• _Records contained in a dataset_
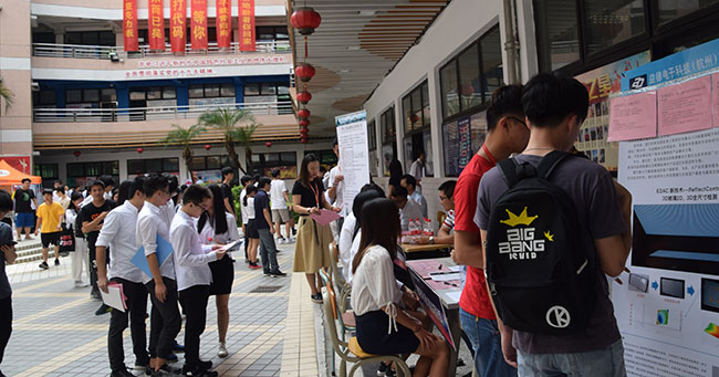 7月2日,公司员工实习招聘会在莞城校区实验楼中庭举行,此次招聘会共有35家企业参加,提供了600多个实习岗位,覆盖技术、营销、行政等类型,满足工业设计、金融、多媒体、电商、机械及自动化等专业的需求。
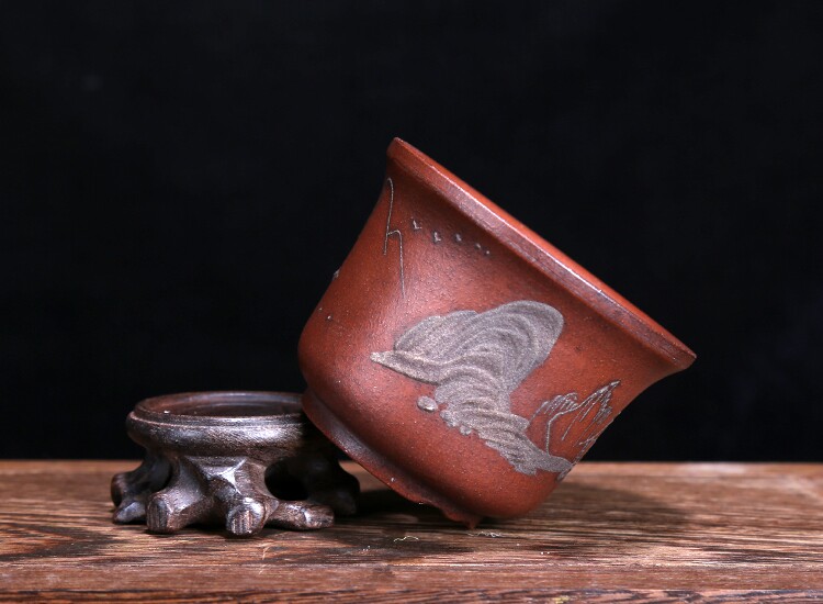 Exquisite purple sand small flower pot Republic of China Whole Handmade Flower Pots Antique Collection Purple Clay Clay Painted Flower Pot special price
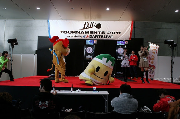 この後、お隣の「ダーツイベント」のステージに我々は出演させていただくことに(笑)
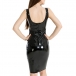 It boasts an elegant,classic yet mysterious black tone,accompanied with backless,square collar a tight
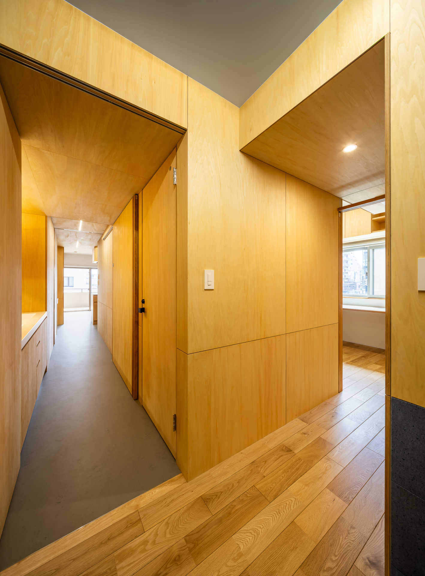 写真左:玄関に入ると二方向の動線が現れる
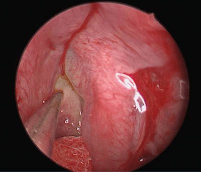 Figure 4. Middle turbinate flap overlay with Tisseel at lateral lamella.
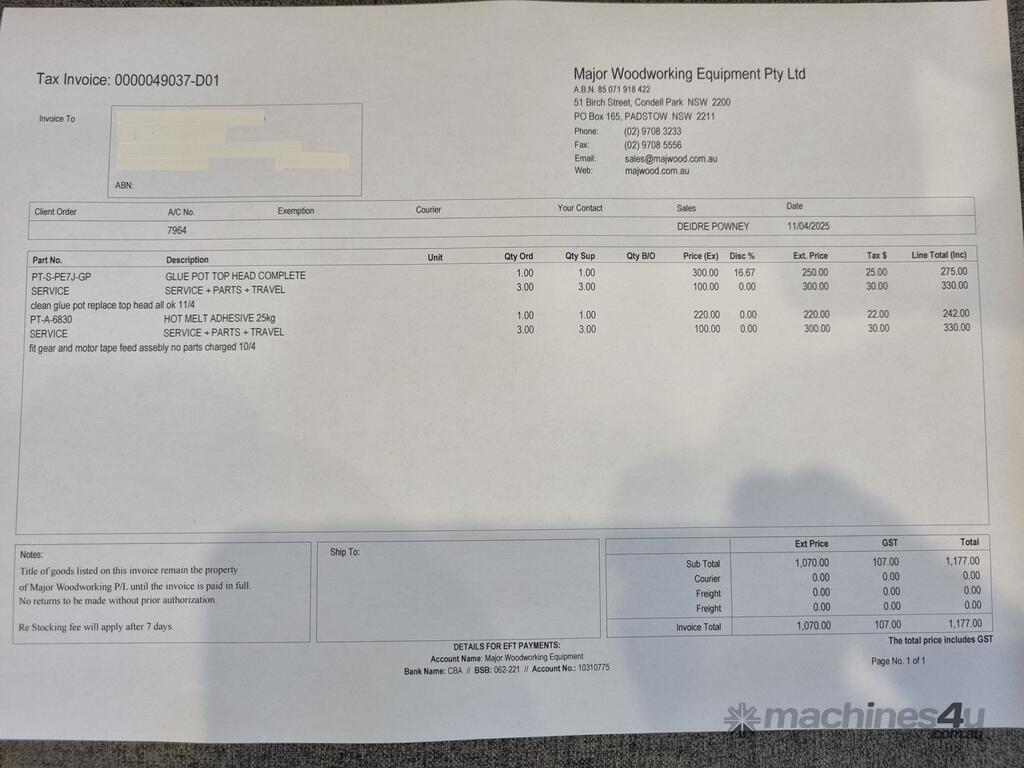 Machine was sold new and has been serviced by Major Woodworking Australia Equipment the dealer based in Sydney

• _REQUIRED WORK_
Output the records above unchanged, minus their pictures.

• _RESULT_
 7月2日,公司员工实习招聘会在莞城校区实验楼中庭举行,此次招聘会共有35家企业参加,提供了600多个实习岗位,覆盖技术、营销、行政等类型,满足工业设计、金融、多媒体、电商、机械及自动化等专业的需求。
 Exquisite purple sand small flower pot Republic of China Whole Handmade Flower Pots Antique Collection Purple Clay Clay Painted Flower Pot special price
 この後、お隣の「ダーツイベント」のステージに我々は出演させていただくことに(笑)
 It boasts an elegant,classic yet mysterious black tone,accompanied with backless,square collar a tight
 写真左:玄関に入ると二方向の動線が現れる
 Figure 4. Middle turbinate flap overlay with Tisseel at lateral lamella.
 Machine was sold new and has been serviced by Major Woodworking Australia Equipment the dealer based in Sydney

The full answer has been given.